(RECORDED DATA)

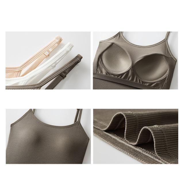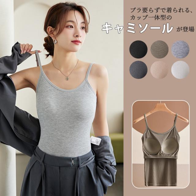 ブラトップ キャミソール タンクトップ カップ付きインナー オールイン ワンブラトップ リブフィット タンク リブフィット ナイト
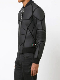 A remarkable and futuristic 'batman inspired' geometrical cutout jacket with symmetrical patterns and zipper closure. Two external pockets and one internal pocket. This rare avant-garde item was showcased during Philipp Plein Fall-Winter 2016 Fashion Show. • SIZE: M • SHELL COMPOSITION: 100% LAMB LEATHER • BODY LINING: 94% VISCOSE 6% ELASTANE • CONDITION: BRAND NEW without tag • COLLECTION: FALL / WINTER 2016 Collector's archive piece made in Italy, synonymous with fine quality, design creativity and excellence. All orders ship worldwide through premium carriers (DHL Express, FedEx, UPS) within 48 hours after payment cleared. *Instruction for International Buyers: Estimated Delivery: About 5~10 days with Tracking Number. Import duties, taxes, and charges are included in the item price. #philippplein #avantgarde #futurefashion #batman #rare #madeinitaly #luxury #runway #highfashion #fw16
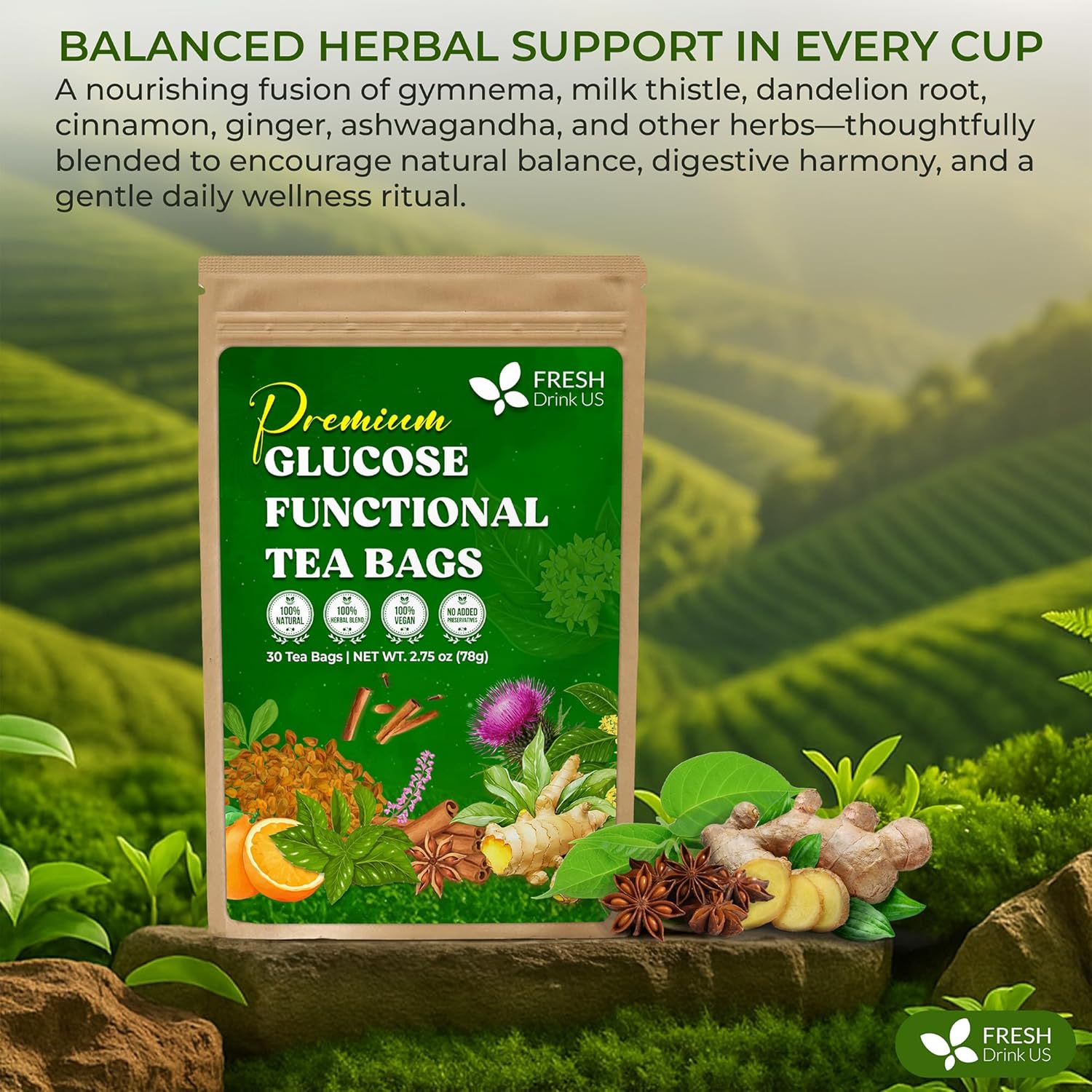 FreshDrinkUS, Premium 30 Tea Bags Glucose Functional Tea – Herbal Blend with Gymnema, Cinnamon, Bitter Melon, Tulsi & More –– Caffeine-Free. Sugar-Free. Gluten-Free. Vegan
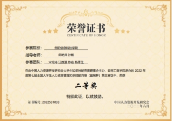 新闻网讯(供稿/经济管理系 邱艳萍 供图/经济管理系)2022年5月29日,2022年第七届“踏瑞杯”全国大学生人力资源管理知识技能竞赛(第三赛区)在线上如期举办,来自云南大学滇池学院、西南财经大学、四川外国语大学、昆明学院等省内外共43所高校代表队参赛。BV伟德中国官方网站经济管理系人力资源管理教研室主任邱艳萍和市场营销教研室主任孙畅带领2020级人力资源管理专业宋培涛、市场营销专业汪胜强、财务管理专业杨秀芝、会计学专业陈焱四名学生参赛。经过激烈的角逐,最终获得本科组二等奖的好成绩。

(End RECORDED DATA)

### PROMPT
Any images must be left out; transcribe the rest of the material exactly.

### ANSWER SPACE
 ブラトップ キャミソール タンクトップ カップ付きインナー オールイン ワンブラトップ リブフィット タンク リブフィット ナイト
 A remarkable and futuristic 'batman inspired' geometrical cutout jacket with symmetrical patterns and zipper closure. Two external pockets and one internal pocket. This rare avant-garde item was showcased during Philipp Plein Fall-Winter 2016 Fashion Show. • SIZE: M • SHELL COMPOSITION: 100% LAMB LEATHER • BODY LINING: 94% VISCOSE 6% ELASTANE • CONDITION: BRAND NEW without tag • COLLECTION: FALL / WINTER 2016 Collector's archive piece made in Italy, synonymous with fine quality, design creativity and excellence. All orders ship worldwide through premium carriers (DHL Express, FedEx, UPS) within 48 hours after payment cleared. *Instruction for International Buyers: Estimated Delivery: About 5~10 days with Tracking Number. Import duties, taxes, and charges are included in the item price. #philippplein #avantgarde #futurefashion #batman #rare #madeinitaly #luxury #runway #highfashion #fw16
 FreshDrinkUS, Premium 30 Tea Bags Glucose Functional Tea – Herbal Blend with Gymnema, Cinnamon, Bitter Melon, Tulsi & More –– Caffeine-Free. Sugar-Free. Gluten-Free. Vegan
 新闻网讯(供稿/经济管理系 邱艳萍 供图/经济管理系)2022年5月29日,2022年第七届“踏瑞杯”全国大学生人力资源管理知识技能竞赛(第三赛区)在线上如期举办,来自云南大学滇池学院、西南财经大学、四川外国语大学、昆明学院等省内外共43所高校代表队参赛。BV伟德中国官方网站经济管理系人力资源管理教研室主任邱艳萍和市场营销教研室主任孙畅带领2020级人力资源管理专业宋培涛、市场营销专业汪胜强、财务管理专业杨秀芝、会计学专业陈焱四名学生参赛。经过激烈的角逐,最终获得本科组二等奖的好成绩。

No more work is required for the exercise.